91Ó°ÊÓ

To start understanding the Poisson distribution, we need to find the mean number of events (in this case, deaths) that occur in a fixed interval of time or space. For our example involving the Prussian army, the mean number of deaths per corps-year provides a foundation for further calculations. We calculate this mean by dividing the total number of deaths (196) by the total number of years (280). Mathematically, this is expressed as: \[ \text{Mean} (\text{λ}) = \frac{\text{Total Deaths}}{\text{Total Corps-Years}} = \frac{196}{280} \ \text{Mean} (\text{λ}) \text{ is approximately } 0.7 \ \text{deaths per corps-year.} \] This calculated mean will be used as the 'lambda' (\text{λ}) parameter in the Poisson distribution formula.
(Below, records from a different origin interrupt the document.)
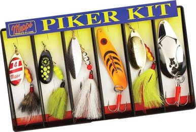 Big pike love dressed spinners. Dressed spinners present a larger profile than plain spinners so they naturally attract larger fish. Three generations of pike fishermen have considered Mepps their confidence lure. And for good reason. When it comes to getting the attention of big pike, you can’t beat the thump of a spinner or the flash of a spoon. This classic Mepps Piker kit features six of their best lures for trophy pike… four dressed spinners and two Syclops spoons. Big pike are tough on tackle. Any pike angler will appreciate the quality built into these durable lures. Beginning with solid brass components, each lure is specifically designed to handle big pike, cast after cast.
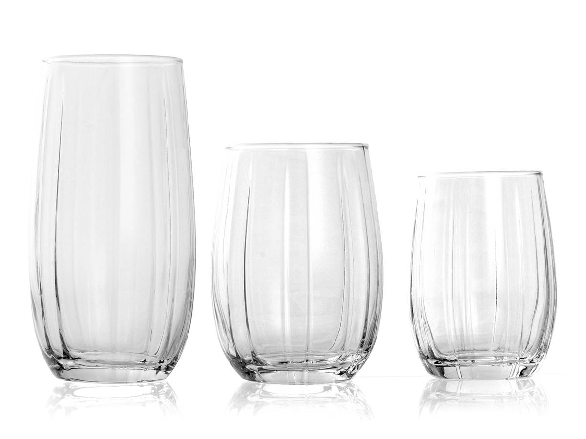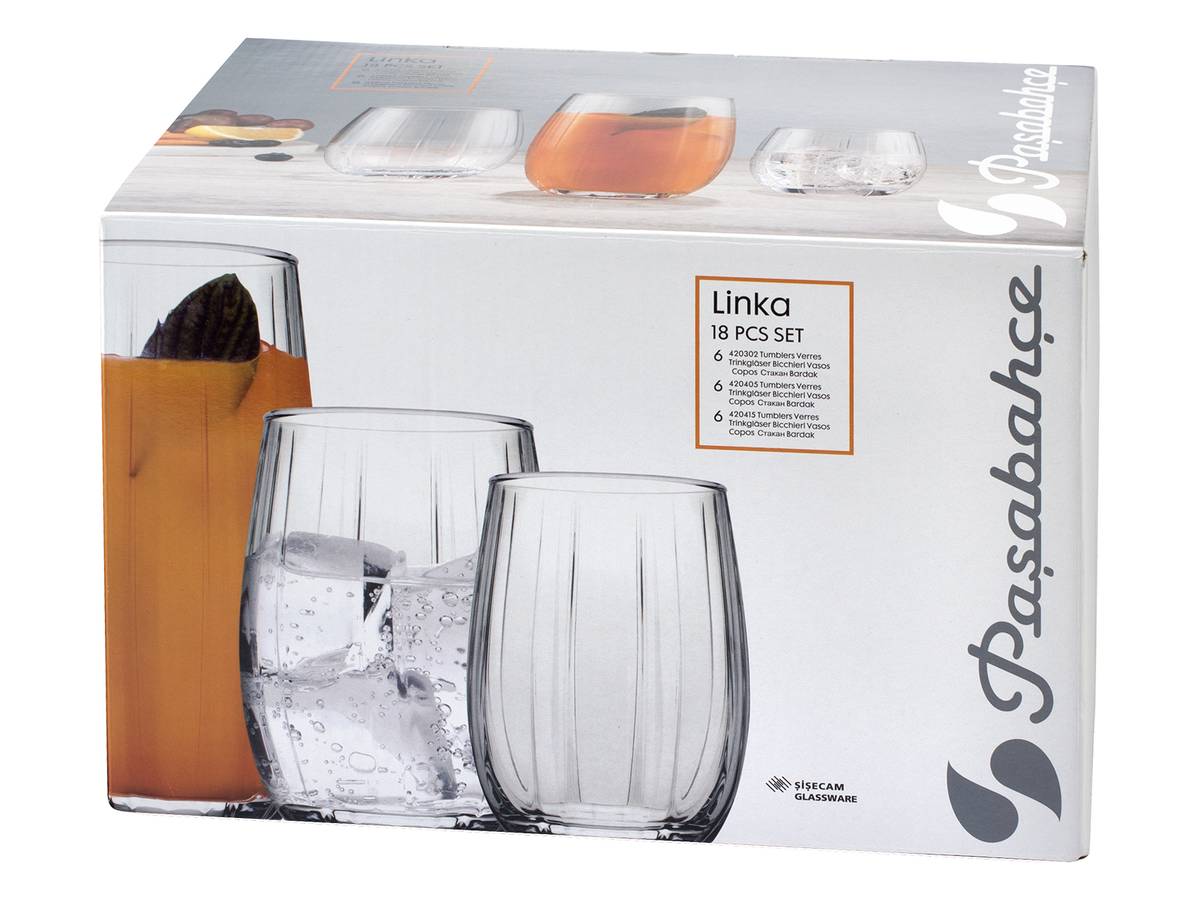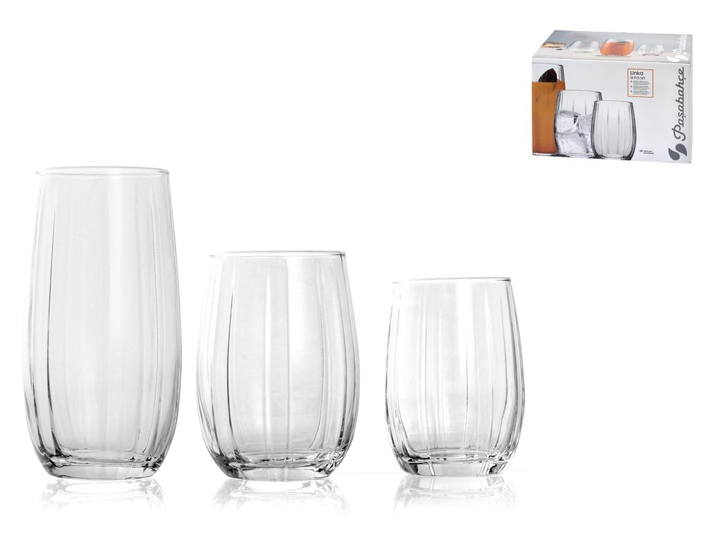 Servizio 18 pezzi Linka. Composto da 6 bicchieri bibita in vetro trasparente cc 500, 6 bicchieri acqua cc 380, 6 bicchieri vino cc 240 LINEA LINKA,Pasabahce
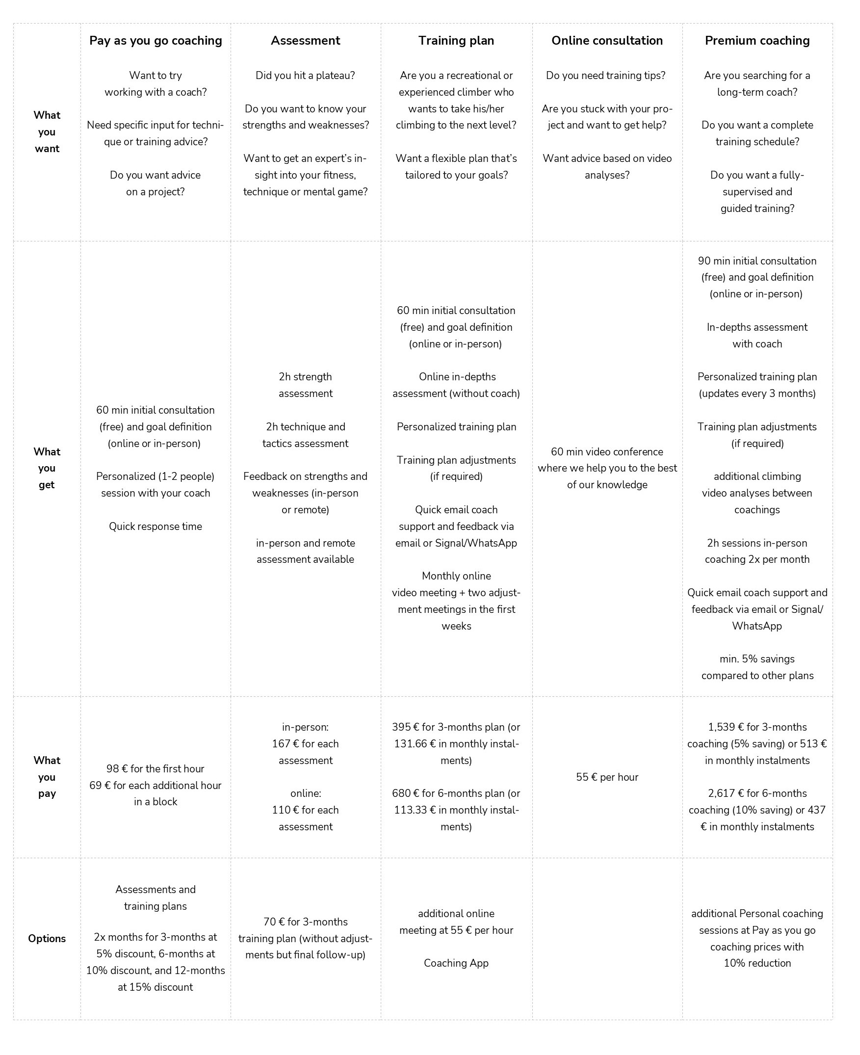 Additional Options: Add-on in-person coaching sessions available, Climbing Coaching App,
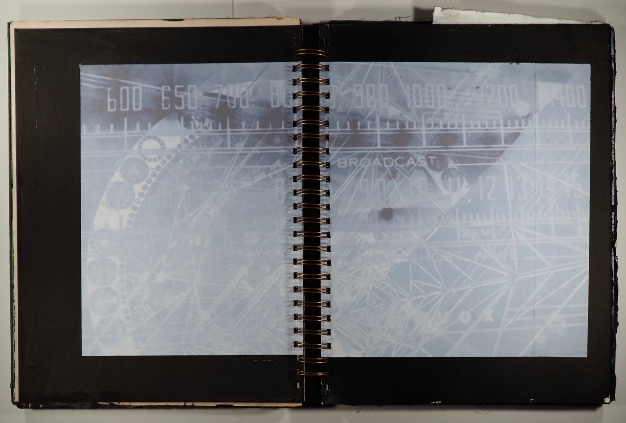 2016 The Final Frontier mixed media collage, embedded in the cover pages of a Rand McNally World Atlas, International Edition 1944, 11" x 14". Since 2020 part of the ICI Archive at the Getty Research Center, Los Angeles.
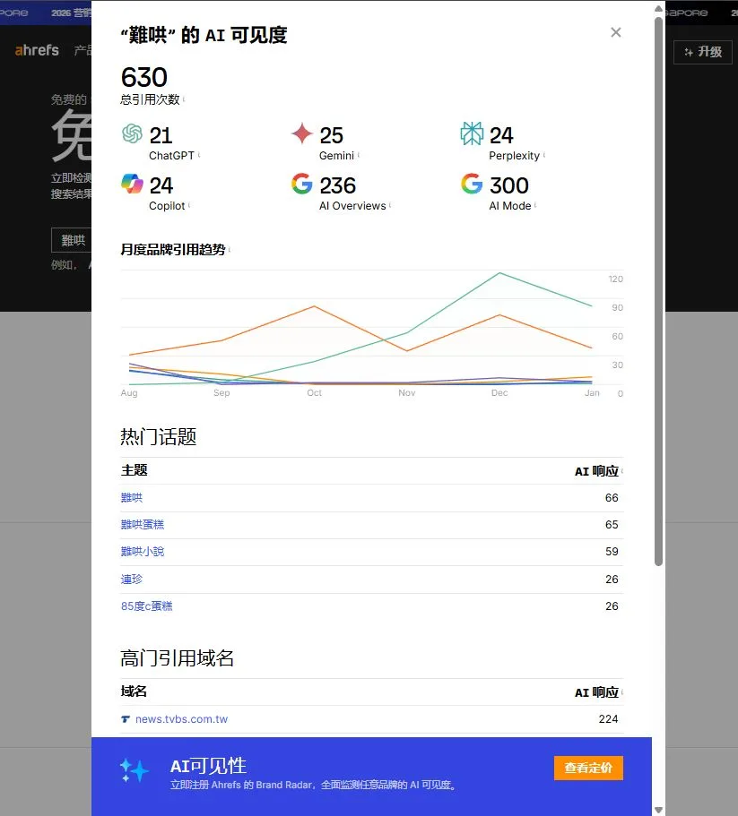 會顯示 AI Overview、ChatGPT、Perplexity、Gemini、Copilot 這5家AI的引用次數,還有被引用的網頁數量。但是點進去都會連到 Brand Radar,要付費才能看到詳細資料。
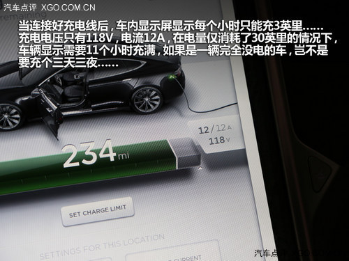 当连接好充电线后,车内显示屏显示每个小时只能充3英里……充电电压只有118V,电流12A,在电量仅消耗了30英里的情况下,车辆显示需要11个小时充满,如果是一辆完全没电的车,岂不是要充个三天三夜……
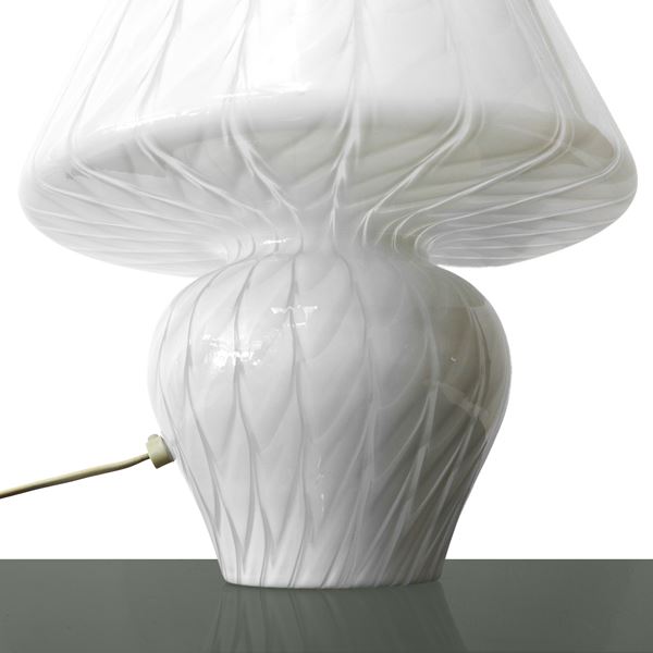 Lume da tavolo in vetro di Murano bianco lattimo a righe
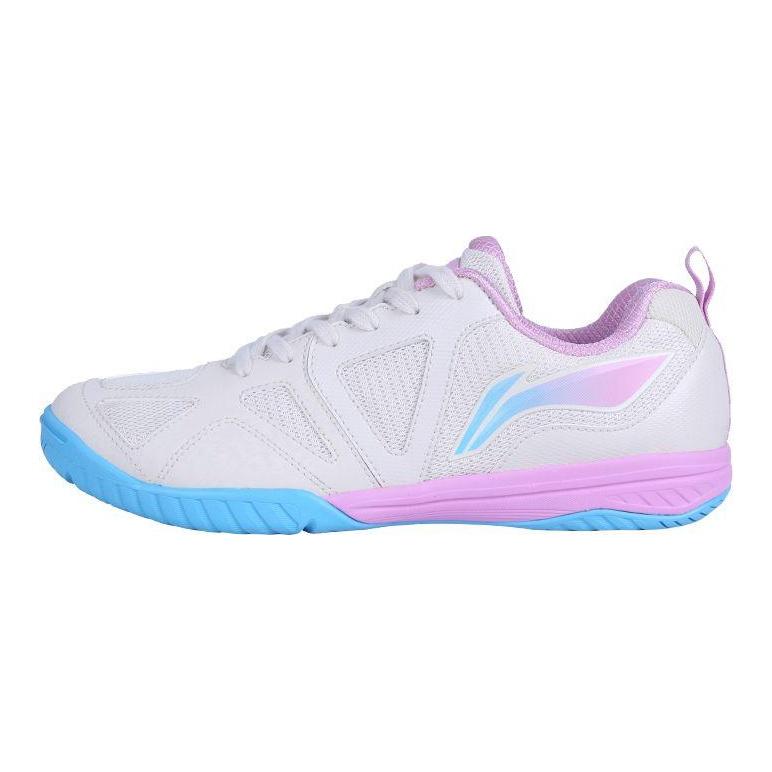 Li Ning Tissu Cuir Synthétique Absorption des Chocs Antidérapant Résistant à l'Usure Chaussures d'Entraînement Basses Baskets Unisexe Blanc Bleu APTT007-1
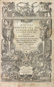 POLDO D'ALBENAS (Jean). Discours historial de l'antique et illustre cité de Nismes, en la Gaule Narbonoise, avec les portraitz des plus antiques & insignes bastimens dudit lieu, reduitz à leur vraye mesure & proportion, ensemble de l'antique &...
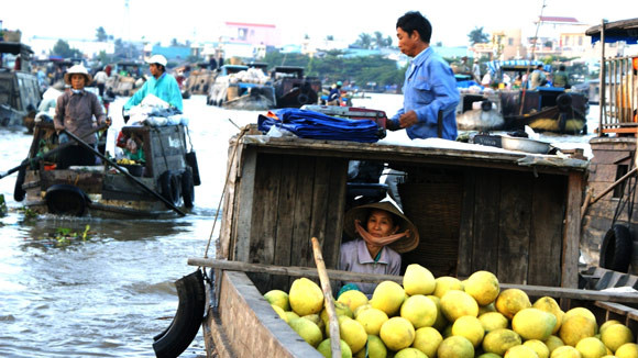 Mặt trời lên cao dần làm dịu đi những cơn gió mang hơi nước và lạnh. Chiếc ghe máy bềnh bồng trên mặt nước, bên rìa sông là những thuyền của những gia đình thương hồ sống với nhiều thế hệ. Vài chậu cây cảnh, phía trong có ban thờ… những chiếc thuyền này như “căn hộ di động” trên sông nước với tiện nghi như tivi, dàn âm thanh, chuồng nuôi súc vật, trên thuyền còn có dựng cả xe máy.
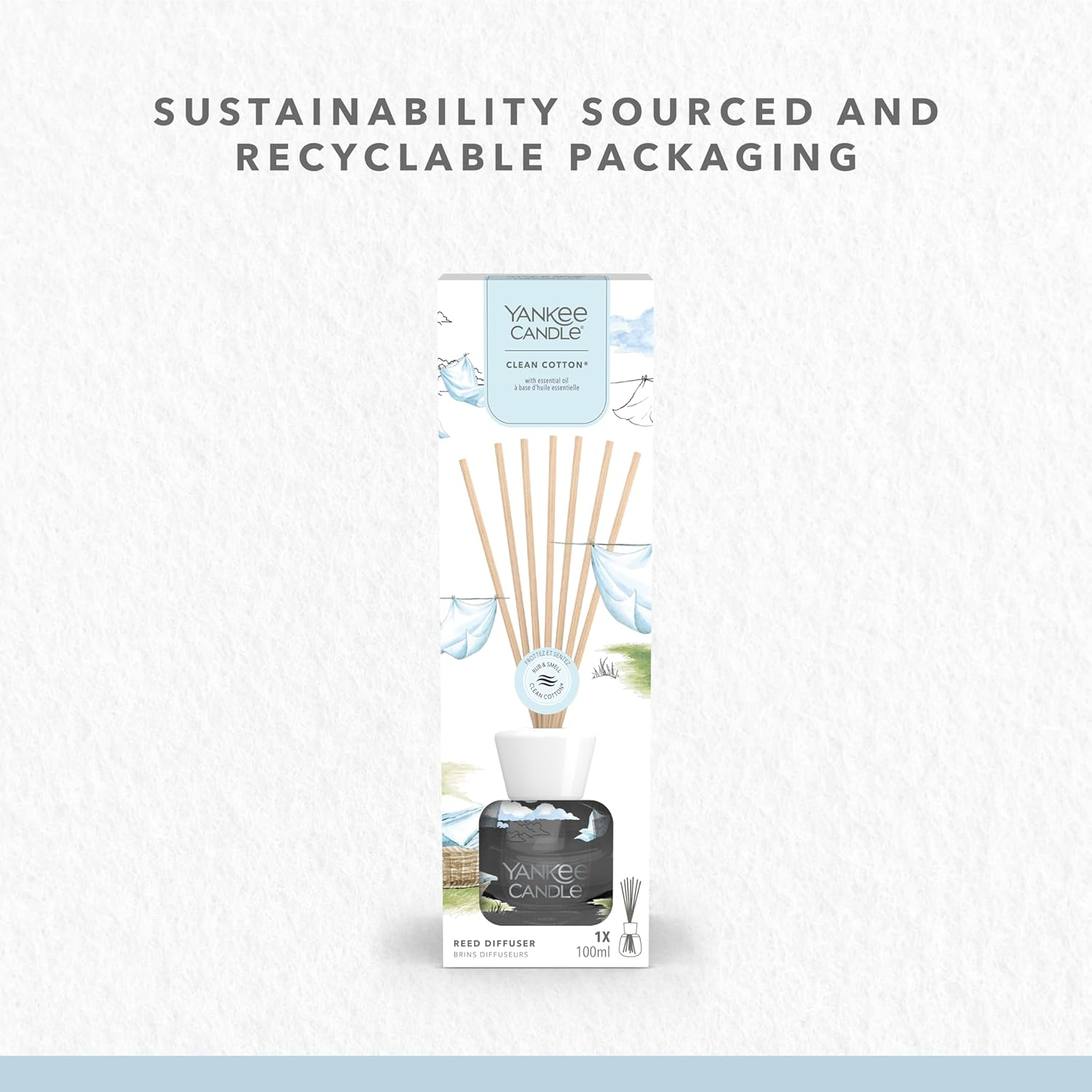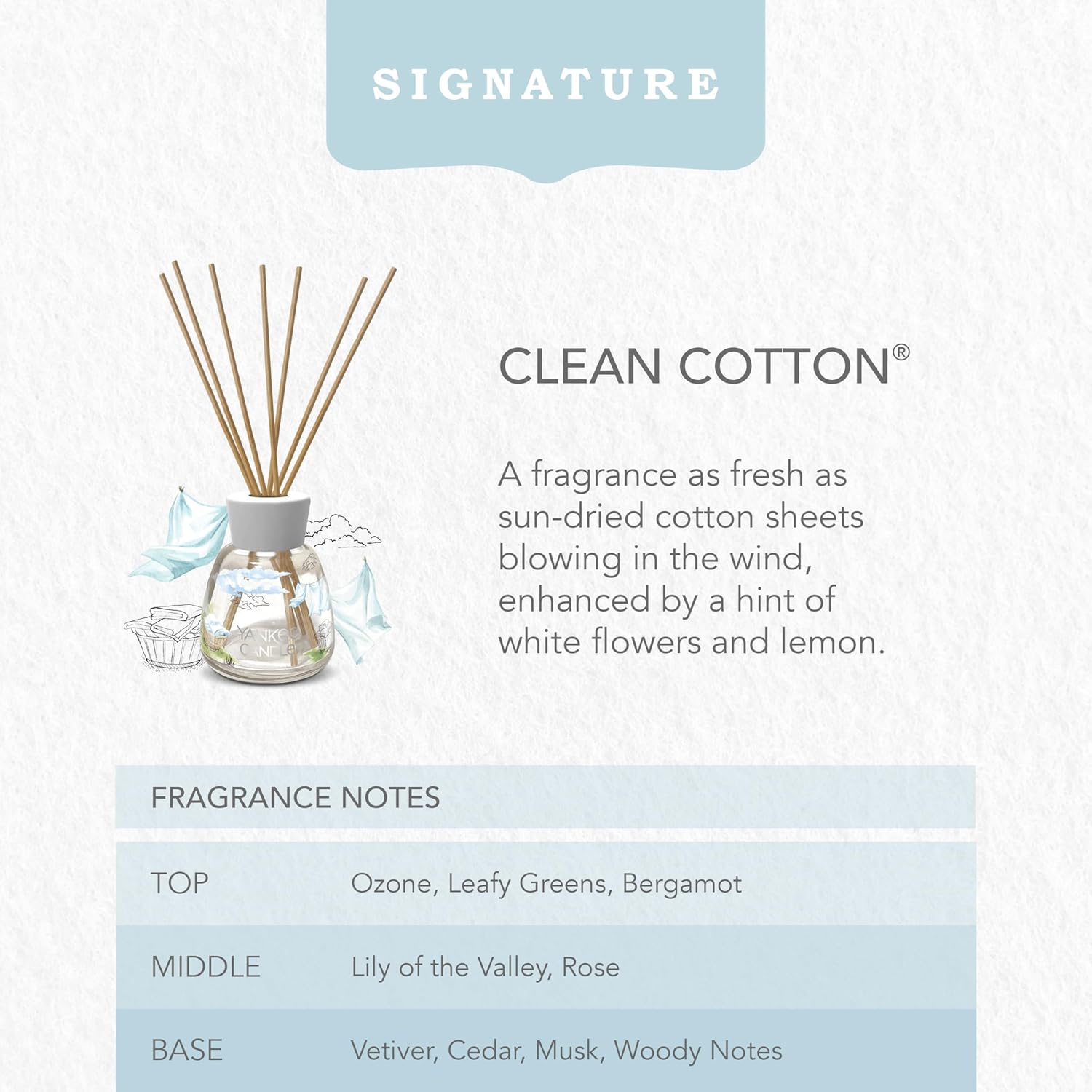Clean Cotton® captures the crisp, fresh scent of sun-dried laundry billowing in a gentle breeze. Bright notes of ozone and leafy greens evoke the pure air of a summer’s day, while delicate lily of the valley and soft rose add a floral elegance. A grounding base of vetiver brings warmth and depth, completing this uplifting and comforting fragrance. Perfect for those who love the scent of freshly washed linen, Clean Cotton® brings a sense of freshness and purity to any home.

Once we have the mean number of deaths (\text{λ}), we can use it to find the probability of a certain number of deaths occurring in a single corps-year. The Poisson probability formula is: \[ P(X = k) = \frac{e^{-\text{λ}} \text{λ}^{k}}{k!} \] This formula helps us calculate the probability of observing exactly k deaths in a specified time period. By substituting \text{λ} = 0.7 (our mean), we can calculate specific probabilities: (a) For 0 deaths: \[P(X=0) = \frac{e^{-0.7} (0.7)^{0}}{0!} = e^{-0.7} \approx 0.4966 \](b) For 1 death: \[P(X=1) = \frac{e^{-0.7} (0.7)^{1}}{1!} = 0.7 e^{-0.7} \approx 0.3476 \]. (c) For 2 deaths: \[P(X=2) = \frac{e^{-0.7} (0.7)^{2}}{2!} = \frac{0.49 e^{-0.7}}{2} \approx 0.1217 \](d) For 3 deaths: \[P(X=3) = \frac{e^{-0.7} (0.7)^{3}}{3!} = \frac{0.343 e^{-0.7}}{6} \approx 0.0284 \](e) For 4 deaths: \[P(X=4) = \frac{e^{-0.7} (0.7)^{4}}{4!} = \frac{0.2401 e^{-0.7}}{24} \approx 0.005 \]. To make these calculations directly relevant, you can apply them to your data set to find the likelihood of different numbers of deaths per year.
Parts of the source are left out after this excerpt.